Gibt es auch neue Themen?
Schaut man darauf, was für Fragestellungen hier vorherrschen, so
ist die Innovation anscheinend bislang nicht besonders groß. Mir
zumindest ist in der einschlägigen Literatur und bei den
einschlägigen Konferenzen noch kein Thema begegnet, das nicht auch
in der okzidentalen Tradition des Philosophierens irgendwann
präsent gewesen wäre. Das stimmt natürlich nicht
für die Details. Es macht sehr wohl einen Unterschied, es
führt auch zu neuen Thesen und vielleicht zu neuen Einsichten,
wenn die Gesichtspunkte, die Begriffe und Thesen sehr unterschiedlicher
Traditionen miteinander ins Gespräch gebracht werden. Aber das
ändert nichts daran, dass die Themen dieselben sind, wie sie eben
auch sonst unter Philosophen verhandelt werden: Fragen nach
Wahrheitskriterien, nach Voraussetzungen von Logik, nach
ethisch-moralischen Normen, nach einer Theorie der Ästhetik usw.
Ob es neue Methoden gibt
oder doch geben sollte, ist die nächste Frage. Methoden bestimmen
sich nach einem Ziel und den erkennbaren Wegen zu ihm. Zu den Methoden
des Philosophierens, wie immer diese sonst bestimmt werden, gehört
jedenfalls die Klärung von Begriffen, die Entwicklung einer
angemessenen Terminologie und die Untersuchung von stillschweigenden
oder auch expliziten Voraussetzungen von Urteilen. In dieser Hinsicht
bringt interkulturell orientiertes Philosophieren insofern eine
deutliche Erweiterung des Reflexionshorizonts, als Begrifflichkeiten
aus anderen als den europäischen Traditionen in die Debatte
eingebracht werden.
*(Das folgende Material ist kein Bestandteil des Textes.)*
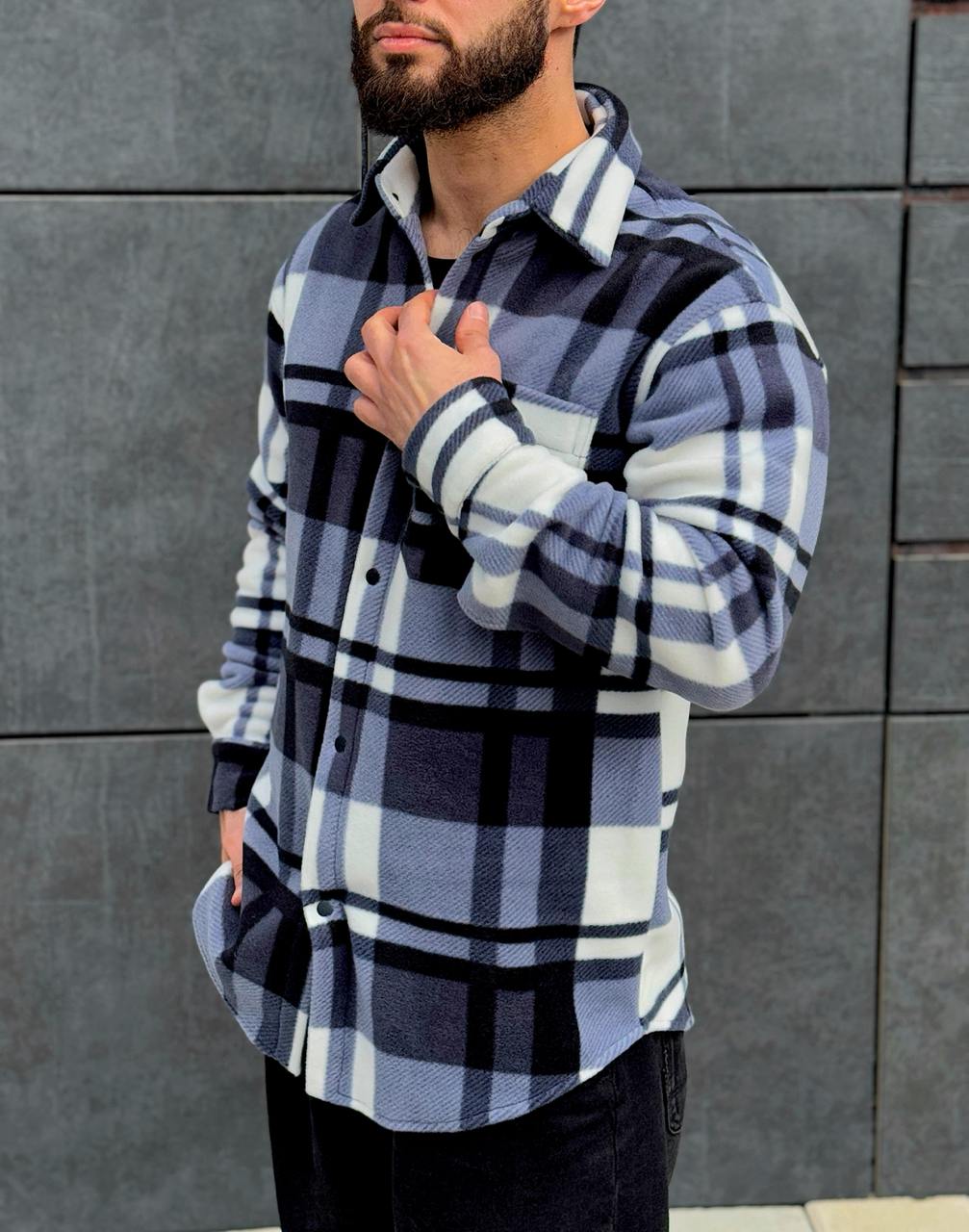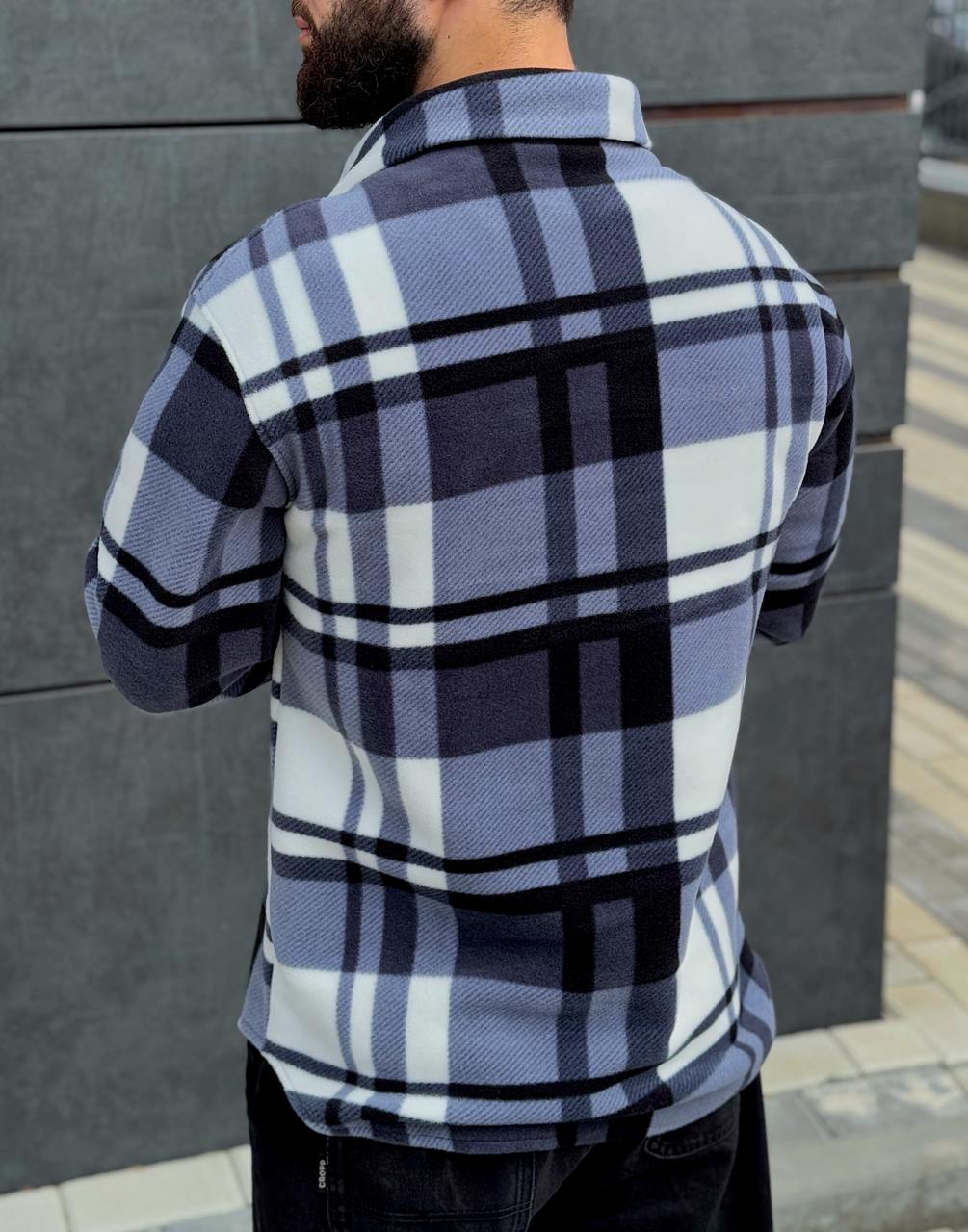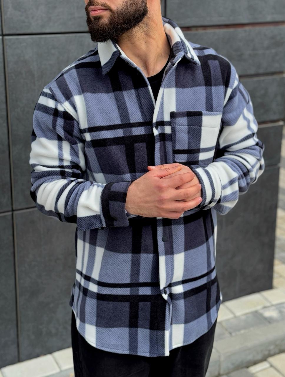 Чоловіча Тепла Флісова Синя Сорочка Вільного Крою в Клітинку

Es ist auch deutlich, daß die
Auseinandersetzung mit außereuropäischen Denktraditionen
unvermerkte Vorannahmen okzidentaler Philosophie bemerkbar machen kann.
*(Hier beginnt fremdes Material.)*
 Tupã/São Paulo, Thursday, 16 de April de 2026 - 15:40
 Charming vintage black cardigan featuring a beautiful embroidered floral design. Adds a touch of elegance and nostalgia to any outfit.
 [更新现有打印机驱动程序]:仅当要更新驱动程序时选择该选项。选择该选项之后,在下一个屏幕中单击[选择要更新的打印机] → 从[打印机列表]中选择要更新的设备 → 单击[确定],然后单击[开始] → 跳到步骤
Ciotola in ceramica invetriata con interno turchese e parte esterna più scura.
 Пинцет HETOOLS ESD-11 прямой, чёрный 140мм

Die Frage nach der Methode geht jedoch noch einen Schritt weiter.
Fraglich ist ja, mit welchen Verfahren
der Argumentation dann philosophiert werden kann, wenn nicht von
vornherein feststeht, welche Ausdrucksmittel überhaupt als
angemessen zu betrachten sind. Dies ist zwar kein neuartiger
Sachverhalt - es gibt in der Philosophie so gut wie in anderen
Disziplinen unterschiedliche Stile, die ein gegenseitiges Verstehen
oder auch nur Ernstnehmen erschweren können, aber unvermeidbar
sind -, jedoch verschärft sich die Sache, wenn Angehörige
mehrerer Kulturen miteinander zu argumentieren beginnen. Dies ist nicht
auf die Frage der gemeinsamen Sprache bezogen: eine solche ist
unabdingbar und es ist nicht unbedingt ein Nachteil für die
Klarheit des Ausdrucks, wenn sie nicht die Muttersprache ist. Soll aber
beispielsweise die Rezitation eines Liedes aus Afrika ebenso als
Bestandteil einer philosophischen Argumentation gelten wie die
Interpretation der These eines Klassikers der okzidentalen Tradition?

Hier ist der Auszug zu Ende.